After the turn of the century, Baja California was considered a hunter's paradise. Trophies were easily obtained, laws tolerant and enforcement lax. Journals tell of hunters, with a Mexican guide shooting a number of the Bighorns, before returning with the desired head. My late landlord, Jesus Guerrero of La Sauna, had been so employed and told of the slaughter by some of these hunters.

Even the Auto Club So Cal maps were overprinted with red lettering showing the locations of good hunting and fishing locations, indicating that at that time, this was the primary interest of Baja traveler's. A 1956 map boldly prints SHEEP GOATS on the Sierra Juarez and San Pedro del Martir.

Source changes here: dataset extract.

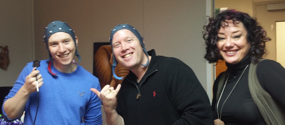 Experimenting with new neurofeedback protocol, From Left: Daniel, Paul, Tanaz

But by 1963, these words are deleted and a notice tells that this type of hunting is now illegal.

The Bighorn is truly a handsome animal, with the largest specimens weighing almost two hundred pounds. But it is its great curling horns that distinguishes it from the lesser deer and antelope. Leopold waxed lyrical, "That magnificent rain, standing like a statue on a pedestal of red bronze lava, washed by the falling rain and lit up by the setting sun; on one side a head with horns quite as massive as those of those of the central figure, on the other the heads of two younger rams."*

Originally these animals were common in many of the desert areas of northern Mexico, but were best known in Baja, where a sparse population survives. It is interesting that the first European reports of the Bighorn are to be found in early Jesuit reports from Baja California.